-- Data --
---*---

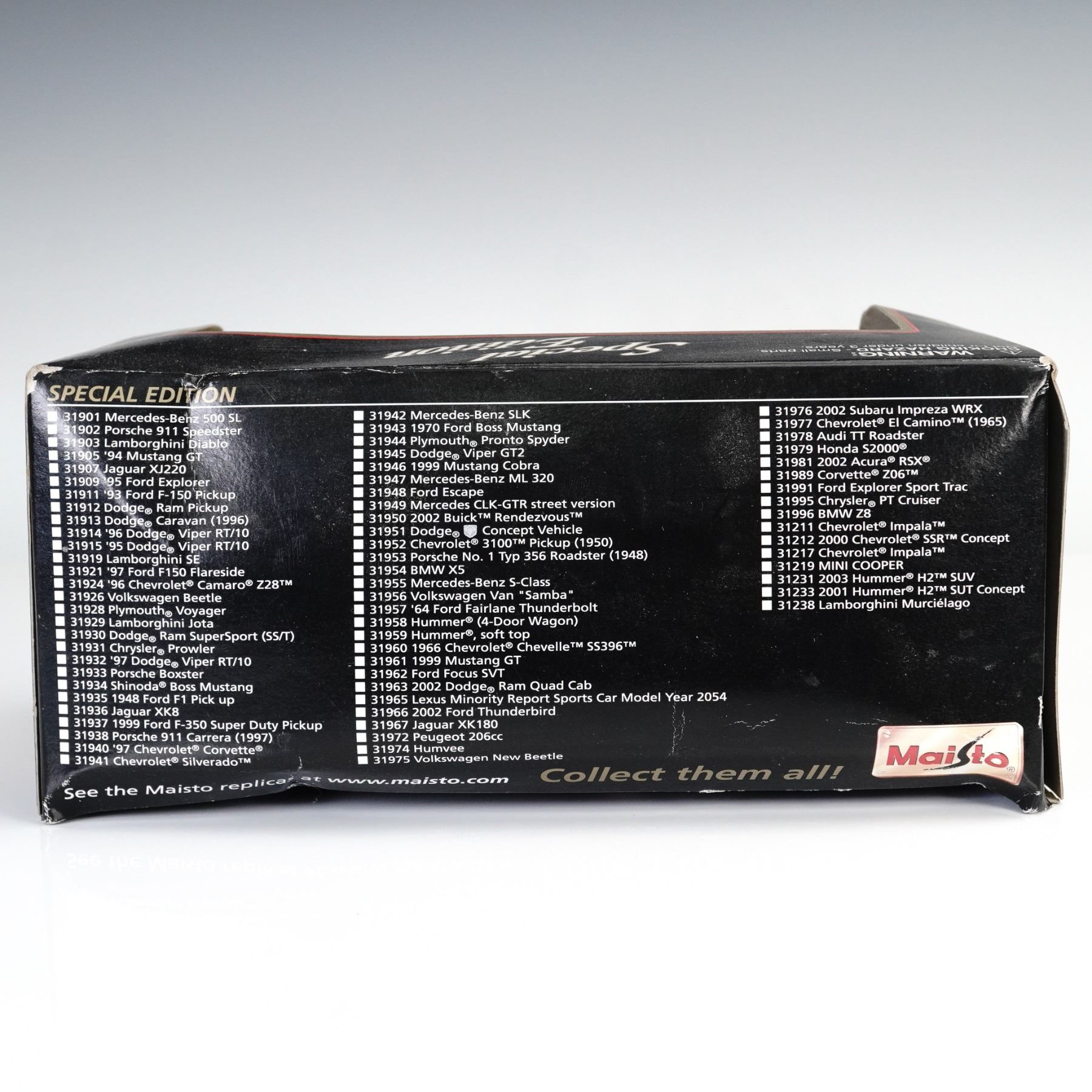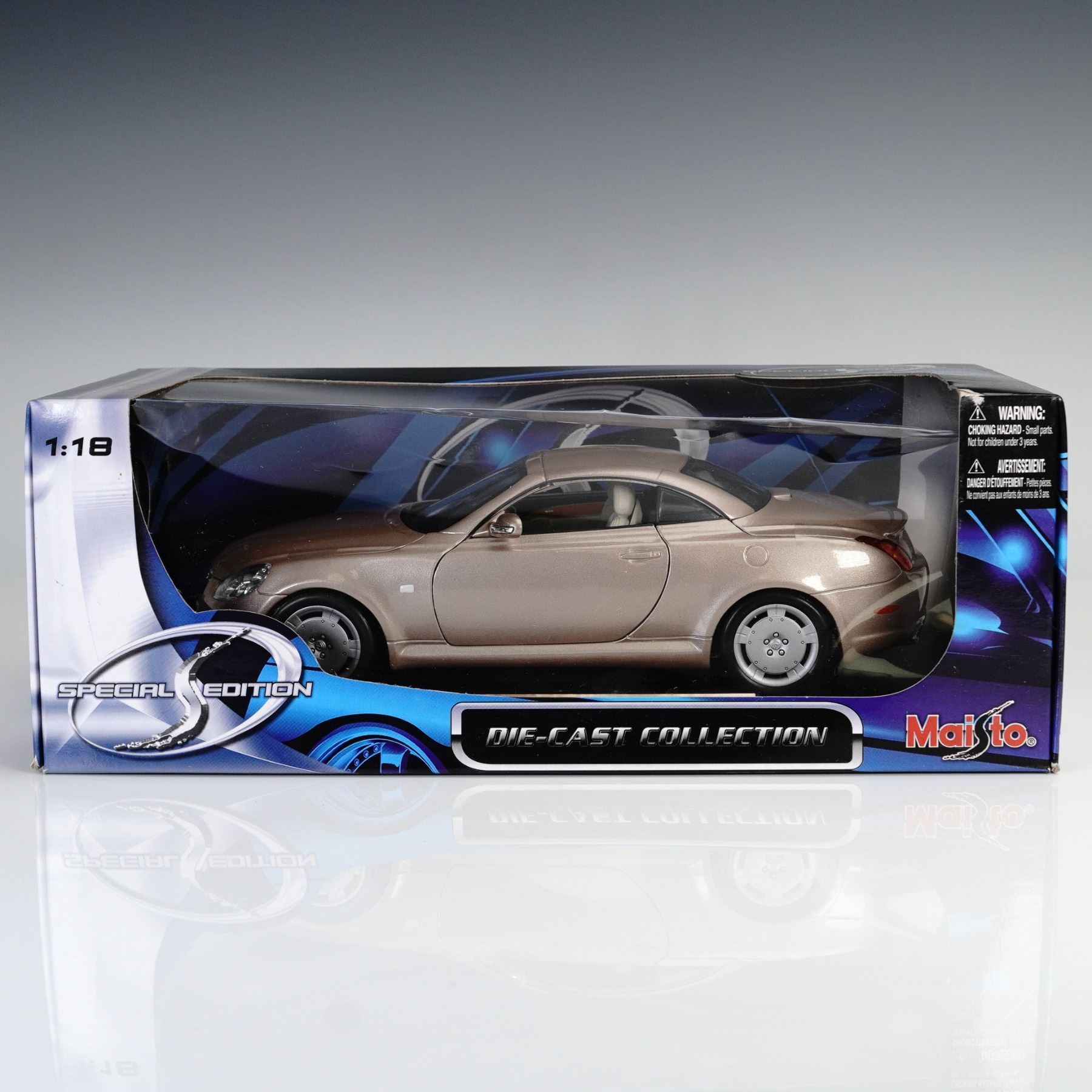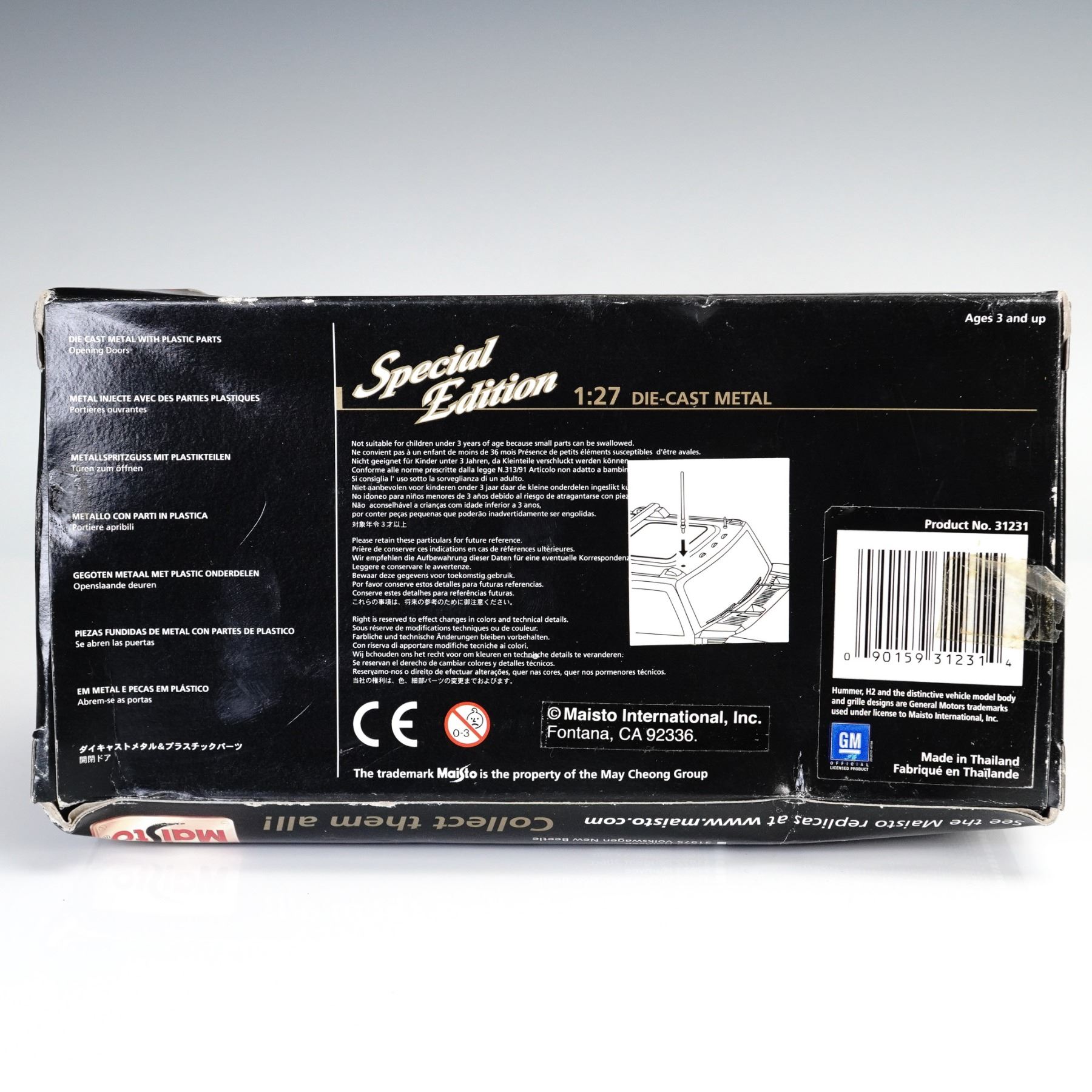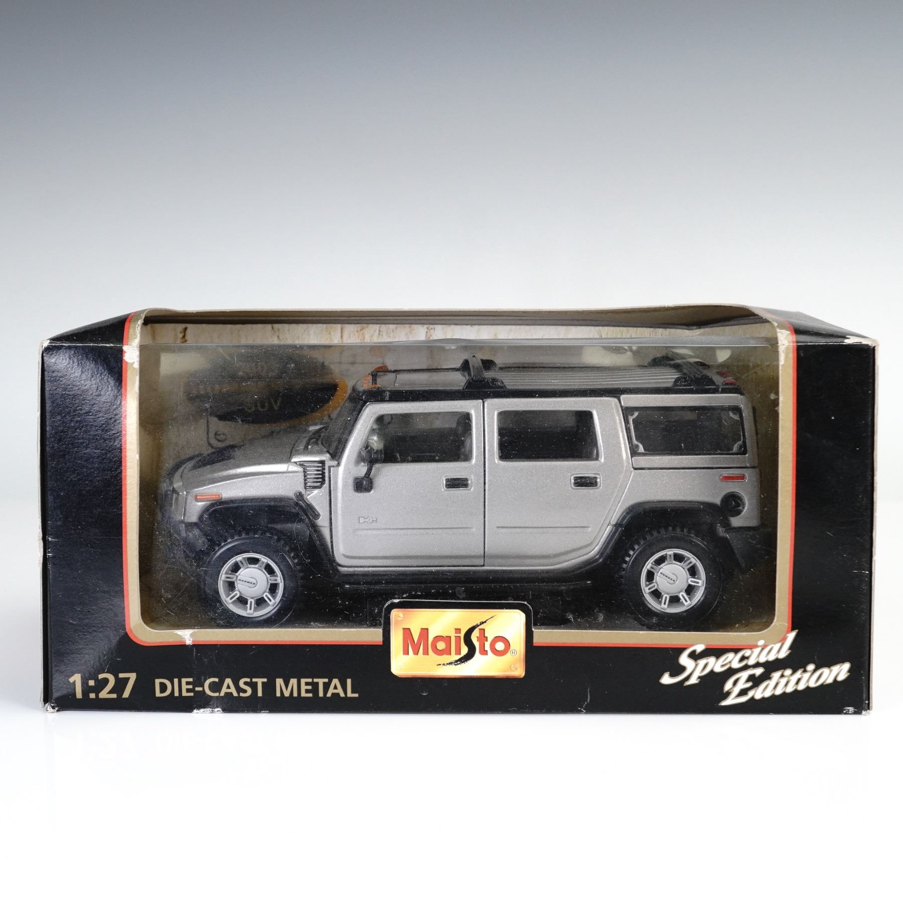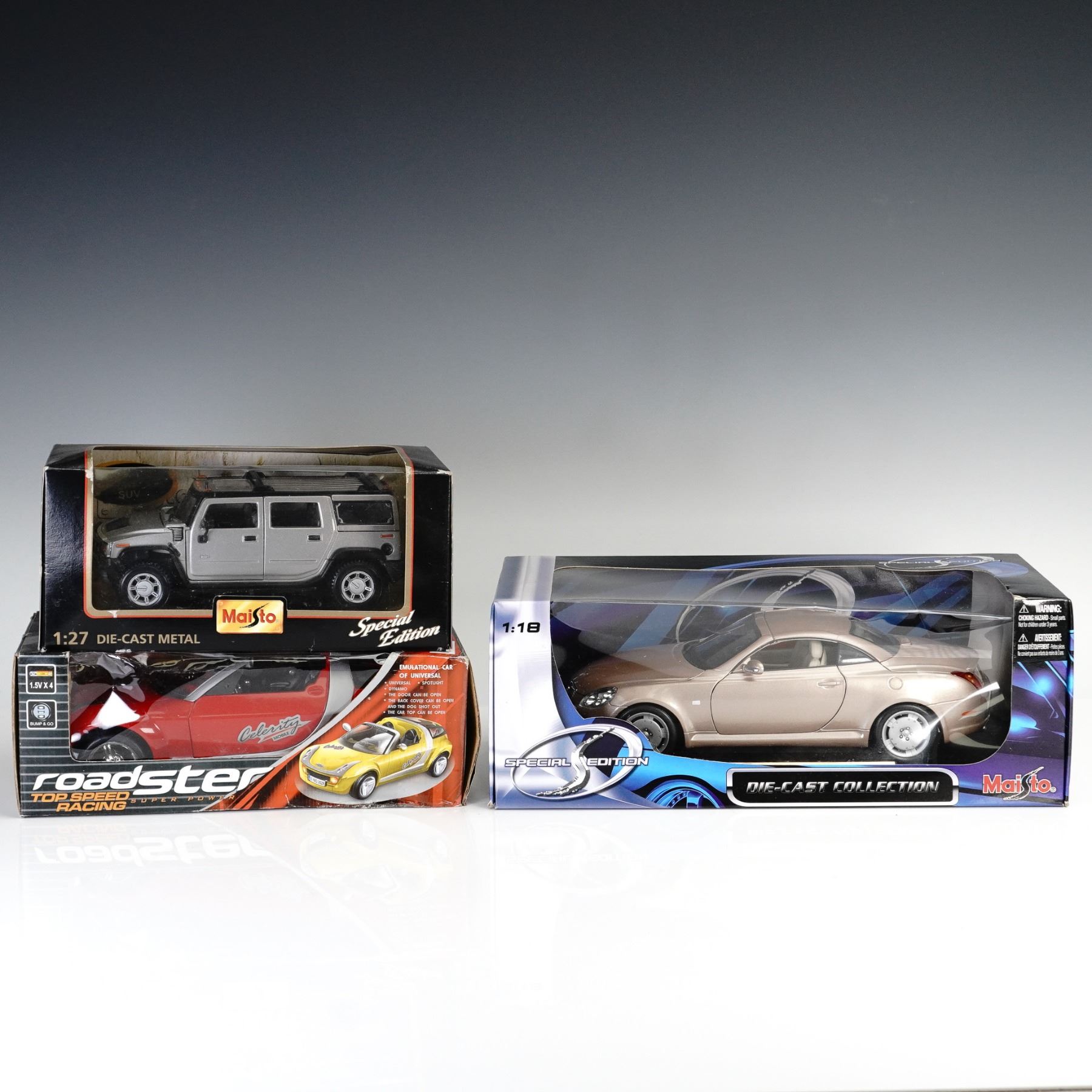 Group of three boxed diecast model vehicles including a 1:27 scale Maisto Special Edition Hummer H2 in silver, a 1:18 scale Maisto Die-Cast Collection convertible coupe in champagne gold, and a battery-operated 1:14 scale Roadster Top Speed Racing Celebrity Mobile in red with bump and go action. Each model is packaged in its original window display box, showcasing design features such as opening doors, realistic detailing, and manufacturer logos. Produced by Maisto International and other manufacturers under May Cheong Group, these pieces offer both collectible appeal and display quality. This item has its original box.
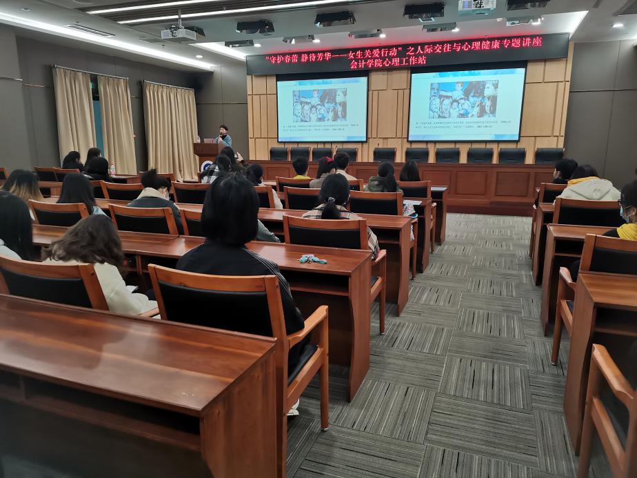 2020年11月29日下午15点OK138太阳集团心理工作站在图书馆第一会议室举办了“人际交往与心理健康”专题讲座。本次讲座是OK138太阳集团心理工作站“守护春蕾,静待芳华——女生关爱行动”主题活动之一。
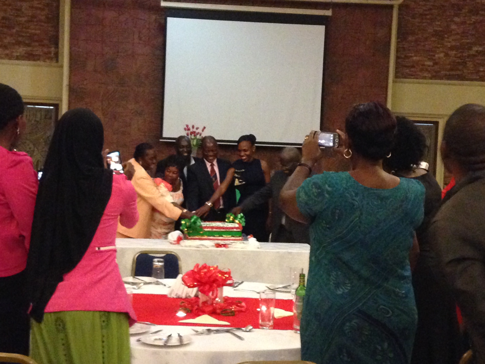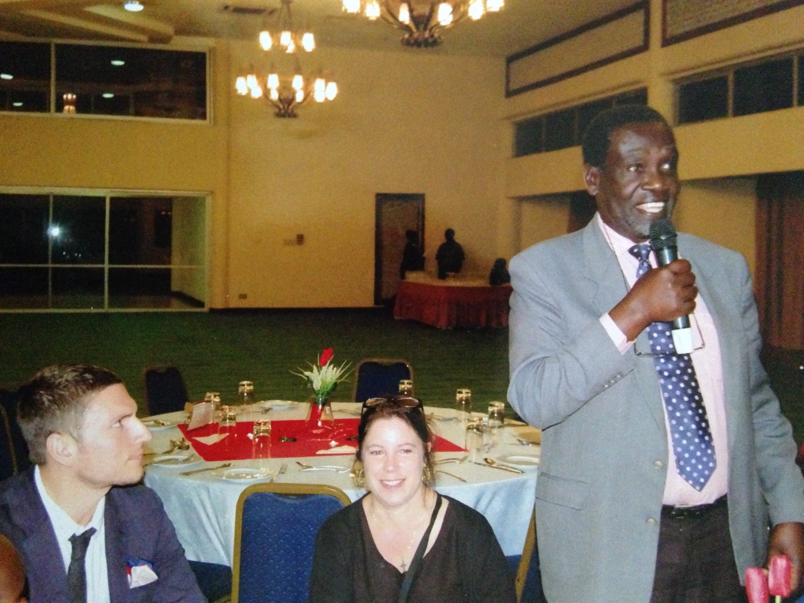 We decided to celebrate Joe’s last night in Kampala by going out to dinner but it turned out that the Makerere Nursing Program was also having a banquet that night to celebrate their 20th year of the program and the retirement of the Nursing Faculty member who started the program. So, Richard, the Professor of Pharmacy whom I work with, suggested we go out with Joe first and then all attend the Nursing celebration. Of course we were game for that plan but little did Joe and I know we were in for a real treat. The Nursing celebration was held at the Golf Club Hotel, which is quite nice, and consisted of a full evening of speeches and introductions and gift giving along with delicious food and wonderful conversations. There were several special guests including the Deputy Vice Chancellor of Makerere University and the Dean Emeritus of Nursing from Johns Hopkins University who had helped to start the program at Makerere 20 years ago. Although there was much formality with the introductions and the order of speakers, and the playing of the Uganda National Anthem, the atmosphere was like a big family party. Even though Joe and I don’t have a relationship with the Department of Nursing, we were warmly welcomed as if we were family.

---*---

-- Action item --
What you write must match, line for line, the lines from the one with "2020年11月29日下午1" through the last line of the data above, minus the pictures.

-- Response area --
 2020年11月29日下午15点OK138太阳集团心理工作站在图书馆第一会议室举办了“人际交往与心理健康”专题讲座。本次讲座是OK138太阳集团心理工作站“守护春蕾,静待芳华——女生关爱行动”主题活动之一。
 We decided to celebrate Joe’s last night in Kampala by going out to dinner but it turned out that the Makerere Nursing Program was also having a banquet that night to celebrate their 20th year of the program and the retirement of the Nursing Faculty member who started the program. So, Richard, the Professor of Pharmacy whom I work with, suggested we go out with Joe first and then all attend the Nursing celebration. Of course we were game for that plan but little did Joe and I know we were in for a real treat. The Nursing celebration was held at the Golf Club Hotel, which is quite nice, and consisted of a full evening of speeches and introductions and gift giving along with delicious food and wonderful conversations. There were several special guests including the Deputy Vice Chancellor of Makerere University and the Dean Emeritus of Nursing from Johns Hopkins University who had helped to start the program at Makerere 20 years ago. Although there was much formality with the introductions and the order of speakers, and the playing of the Uganda National Anthem, the atmosphere was like a big family party. Even though Joe and I don’t have a relationship with the Department of Nursing, we were warmly welcomed as if we were family.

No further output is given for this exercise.